[The task]: Reproduce precisely the lines of the listing below, starting with the line that contains "Residentieel zowel commercieel" and stopping after the line that contains "Bunny Munch ~"; include nothing else.

=== Data supplied ===

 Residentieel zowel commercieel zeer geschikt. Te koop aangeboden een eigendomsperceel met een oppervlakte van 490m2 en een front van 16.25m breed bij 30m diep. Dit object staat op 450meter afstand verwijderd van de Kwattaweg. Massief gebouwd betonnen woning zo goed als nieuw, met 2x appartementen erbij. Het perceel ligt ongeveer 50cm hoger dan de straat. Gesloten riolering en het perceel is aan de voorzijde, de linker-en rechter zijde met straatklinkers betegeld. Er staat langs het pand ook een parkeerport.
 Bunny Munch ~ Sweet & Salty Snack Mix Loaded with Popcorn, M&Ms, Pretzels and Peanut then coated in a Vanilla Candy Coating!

===
=== Data supplied ===

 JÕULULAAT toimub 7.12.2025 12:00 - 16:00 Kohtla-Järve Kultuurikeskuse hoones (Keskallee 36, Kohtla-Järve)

===

[Answer section]:
 Residentieel zowel commercieel zeer geschikt. Te koop aangeboden een eigendomsperceel met een oppervlakte van 490m2 en een front van 16.25m breed bij 30m diep. Dit object staat op 450meter afstand verwijderd van de Kwattaweg. Massief gebouwd betonnen woning zo goed als nieuw, met 2x appartementen erbij. Het perceel ligt ongeveer 50cm hoger dan de straat. Gesloten riolering en het perceel is aan de voorzijde, de linker-en rechter zijde met straatklinkers betegeld. Er staat langs het pand ook een parkeerport.
 Bunny Munch ~ Sweet & Salty Snack Mix Loaded with Popcorn, M&Ms, Pretzels and Peanut then coated in a Vanilla Candy Coating!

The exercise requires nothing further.